Measuring time series characteristics

Published on 2 May 2012

A few years ago, I was work­ing on a project where we mea­sured var­i­ous char­ac­ter­is­tics of a time series and used the infor­ma­tion to deter­mine what fore­cast­ing method to apply or how to clus­ter the time series into mean­ing­ful groups. The two main papers to come out of that project were:

  1. Wang, Smith and Hyn­d­man (2006) Characteristic-​​​​based clus­ter­ing for time series data. Data Min­ing and Knowl­edge Dis­cov­ery, 13(3), 335–364.
  2. Wang, Smith-​​Miles and Hyn­d­man (2009) “Rule induc­tion for fore­cast­ing method selec­tion: meta-​​​​learning the char­ac­ter­is­tics of uni­vari­ate time series”, Neu­ro­com­puting, 72, 2581–2594.
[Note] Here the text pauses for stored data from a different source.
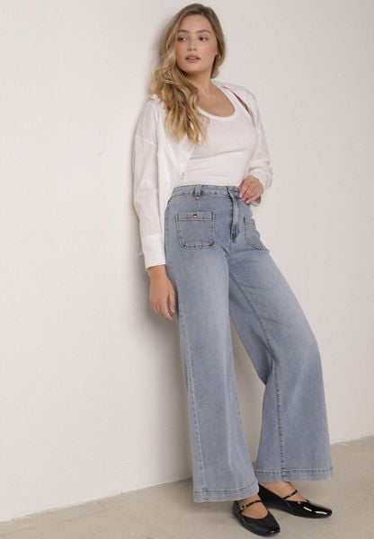 Niebieskie Jeansy Szerokie z Wysokim Stanem z Ozdobnymi Kieszonkami Phinis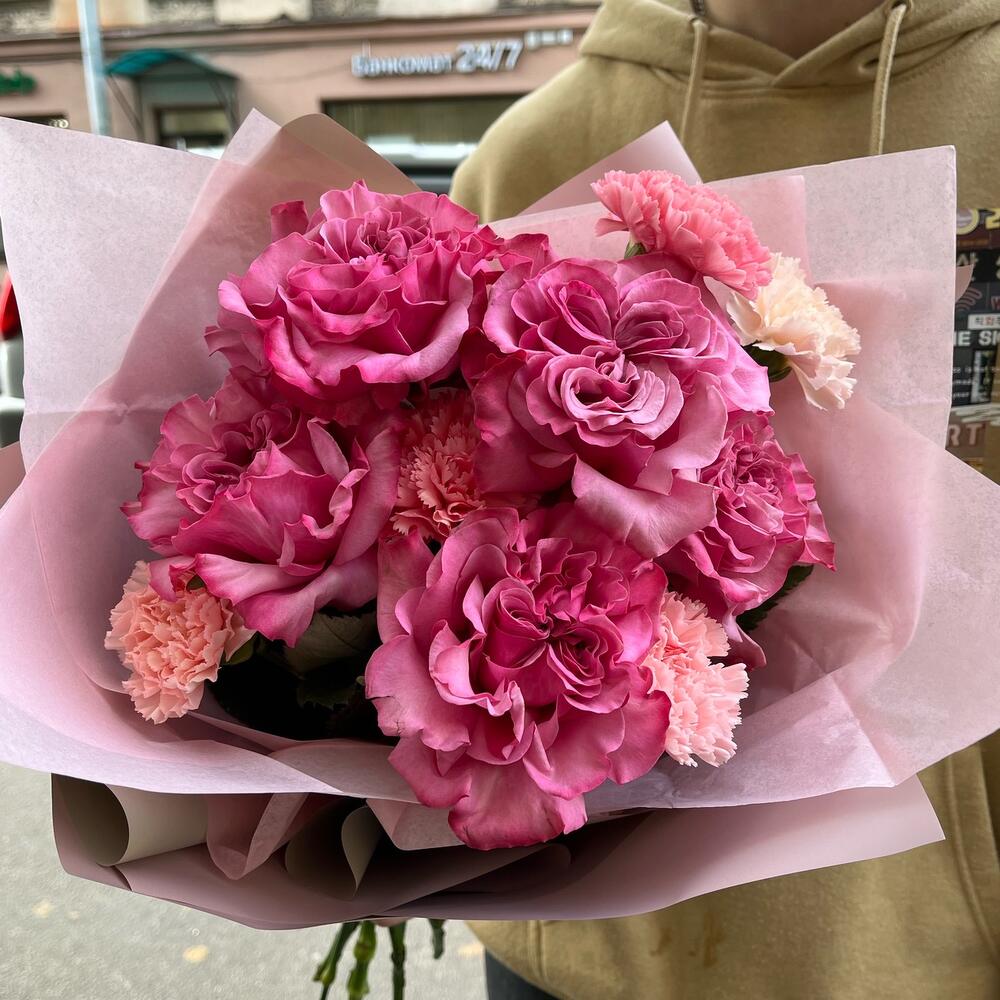 Категории: Гвоздики, Пионовидные розы, Розы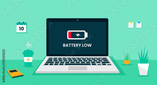 Laptop computer desk battery low icon on screen concept, vector flat design illustration. laptop desk vector flat design. computer desk vector flat design. computer desk working space.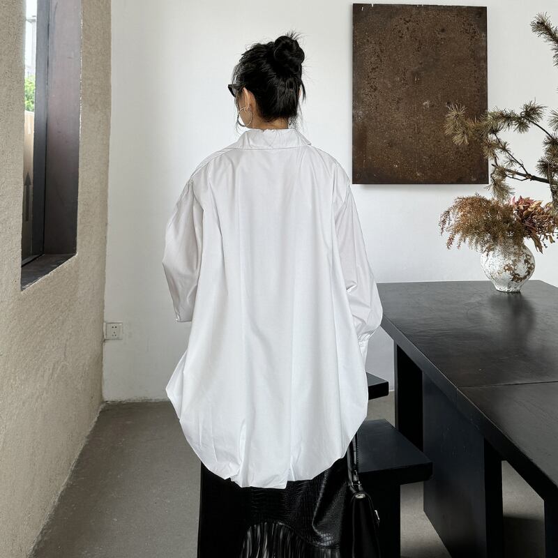 丸みを帯びた特徴的なヘムラインが、シンプルな着こなしに遊び心とモードな表情をプラスします。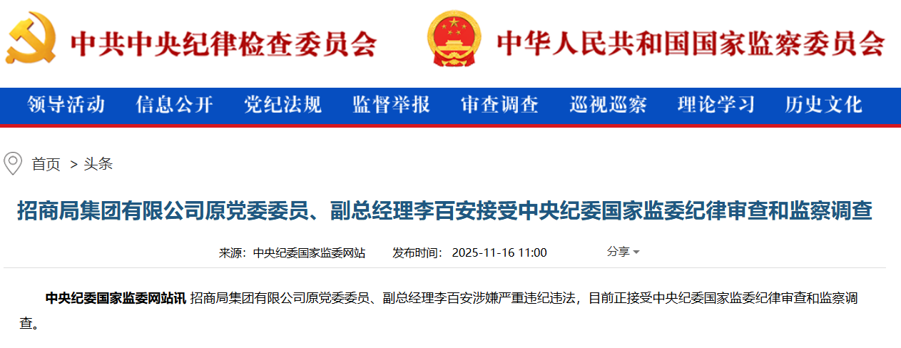 据中央纪委国家监委网站11月16日消息,招商局集团有限公司原党委委员、副总经理李百安涉嫌严重违纪违法,目前正接受中央纪委国家监委纪律审查和监察调查。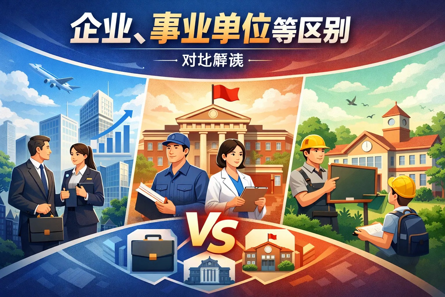 企业与事业单位的核心区别在于组织性质与目标定位:企业以盈利和市场竞争为核心,资金来源多元、人员流动性高、薪酬弹性大;事业单位以公益服务为宗旨,主要依赖财政支持,人员管理相对稳定,强调制度与规范。两者在资金来源、人员身份、薪酬结构、管理机制和风险承担方面均存在系统差异。选择方向应结合个人职业规划与风险偏好,同时未来两类组织在管理方式上将呈现融合趋势。

I’ve since had a lot of requests for the code which one of my coau­thors has been help­fully email­ing to any­one who asked. But to make it eas­ier, we thought it might be help­ful if I post some updated code here. This is not the same as the R code we used in the paper, as I’ve improved it in sev­eral ways (so it will give dif­fer­ent results). If you just want the code, skip to the bot­tom of the post.

Find­ing the period of the data

Usu­ally in time series work, we know the period of the data (if the obser­va­tions are monthly, the period is 12, for exam­ple). But in this project, some of our data was of unknown period and we wanted a method to auto­mat­i­cally deter­mine the appro­pri­ate period. The method we used was based on local peaks and troughs in the ACF. But I’ve since devised a bet­ter approach (prompted on cross​val​i​dated​.com) using an esti­mate of the spec­tral density:

find.freq <- function(x)
{
  n <- length(x)
  spec <- spec.ar(c(na.contiguous(x)),plot=FALSE)
  if(max(spec$spec)>10) # Arbitrary threshold chosen by trial and error.
  {
    period <- round(1/spec$freq[which.max(spec$spec)])
    if(period==Inf) # Find next local maximum
    {
      j <- which(diff(spec$spec)>0)
      if(length(j)>0)
      {
        nextmax <- j[1] + which.max(spec$spec[j[1]:500])
        if(nextmax <= length(spec$freq))
          period <- round(1/spec$freq[nextmax])
        else
          period <- 1
      }
      else
        period <- 1
    }
  }
  else
    period <- 1
 
  return(period)
}

 
The func­tion is called find.freq because time series peo­ple often call the period of sea­son­al­ity the “fre­quency” (which is of course highly confusing).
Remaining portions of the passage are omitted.